China's year-on-year CPI and PPI both rise at a faster pace in April with a 6.1 percent jump in food prices.

China’s consumer inflation continued to quicken last month to hit a 6-month high, while factory-gate inflation also increased at a faster pace.

The Consumer Price index, a main gauge of inflation, grew 2.5 percent in April from a year earlier, 0.2 percentage points faster than the previous month, to be the highest since October, the National Bureau of statistics said on Thursday. 

On a month-on-month basis, the headline CPI rose 0.1 percent last month, compared with a 0.4 percent decline in March. Among them, the pork price extended the rebound by 1.6 percent mainly due to African swine fever, according to the statistics bureau. 

Food prices jumped 6.1 percent year on year in April, contributing to a 1.19-percentage-point rise in the overall CPI growth. The pace of increase was also faster than the 4.1 percent recorded in March. 

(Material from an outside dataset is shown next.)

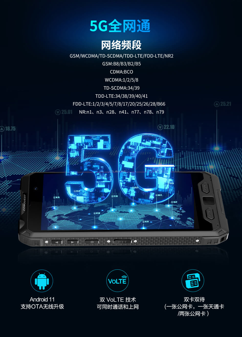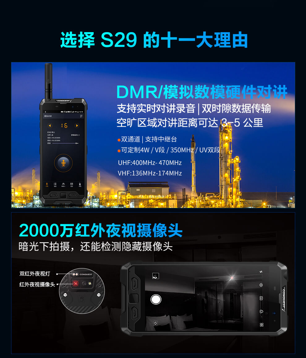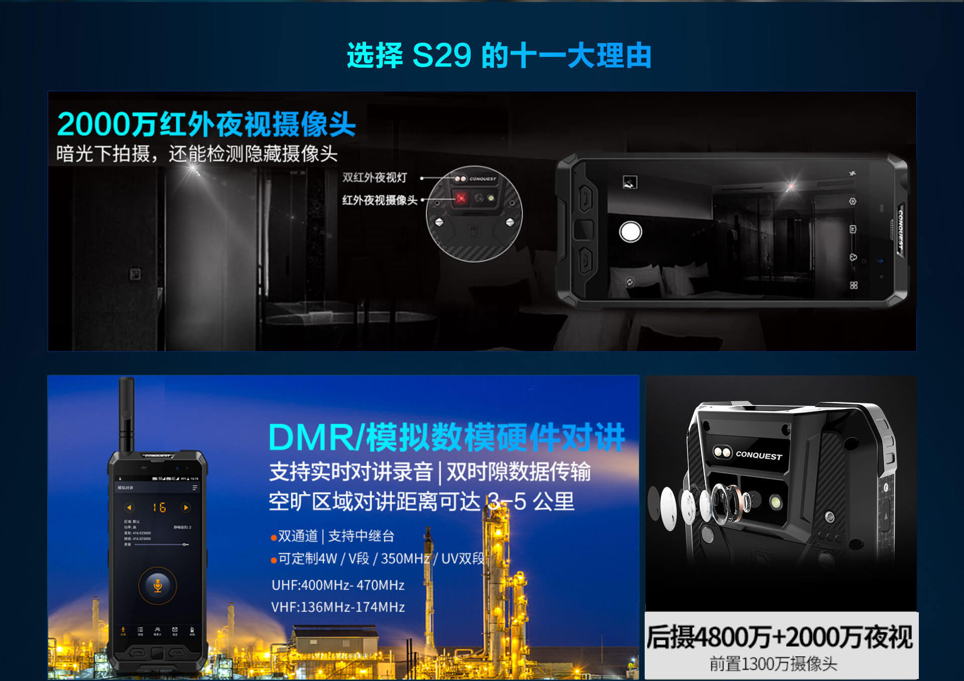 CONQUEST征服S29 5G三防手機(jī)DMR數(shù)模對(duì)講紅外熱成像廣電700M智能對(duì)講終端

The price of vegetables and fruits remained high, surging by 17.4 percent and 11.9 percent year on year, respectively, contributing to growth of 0.43 percentage points and 0.22 percentage points in the headline CPI.

The higher fruit prices were mainly due to the poor harvest in the northern area last autumn and the shortage of inventories this year, according to the bureau's Dong Yaxiu.

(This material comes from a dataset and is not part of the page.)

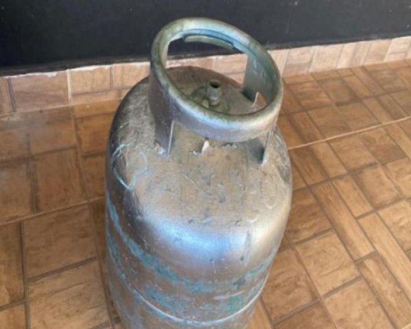 Enquanto o dono da casa conversava com o homem, a mulher pegou o botijão de gás da cozinha e escondeu nos fundos da casa.

Pork prices soared by 14.4 percent year on year in April, 9.3 percentage points faster than the March figure and reversing the 4.8 percent decline in February, leading to a 0.31-percentage-point increase in overall CPI growth. 

"We believe the rapid spread of African swine fever since August 2018 could help push up pork prices by another 40 percent over the next six months," said Lu Ting, chief China economist of Nomura.

On April 23, Wang Junxun, spokesman of the Ministry of Agriculture and Rural Affairs, warned the risk of a more severe shortage in hog supply in coming quarters, due to a lack of hog inventory build-up by pig farmers fearing the spread of ASF. He also said hog prices may exceed their record high (in 2016) in the fourth quarter this year.

Non-food prices, meanwhile, also rose by 1.7 percent year on year, slightly slower than the 1.8 percent growth in March.

The price of health care, education, culture and recreation, and residence advanced 2.6 percent, 2.5 percent and 2 percent respectively. Together they contributed to a 0.22-percentage-point increase in overall CPI growth.

Lu expects the headline year-on-year CPI inflation to exceed 3 percent in some months this year.

The Producer Price index, which measures costs of goods at the factory gate, rose by a stronger-than-expected 0.3 percent year on year in April, 0.2 percentage points faster than the previous month, mainly due to a low base and more expensive oil prices, according to Nomura.

In month-on-month terms, PPI inflation also went up to 0.3 percent from 0.1 percent in March, much higher than the 0.2 percent decline in April last year.

Among upstream sectors, PPI inflation in the mining sector increased to 5.3 percent year on year in April from 4.2 percent in March, while in the processing sector, it rose to 0.9 percent from 0.4 percent.

PPI inflation also broadly improved among major industries, with price inflation rising significantly in ferrous metal processing industries, fuel processing, coal mining, and oil and natural gas extraction.

"As PPI is closely related to the industrial profit outlook, its gain is expected to support a continuous expansion in industrial activity, after April’s manufacturing PMI printed 50.1," said Xing Zhaopeng, China markets economist at the Australia and New Zealand Banking Group.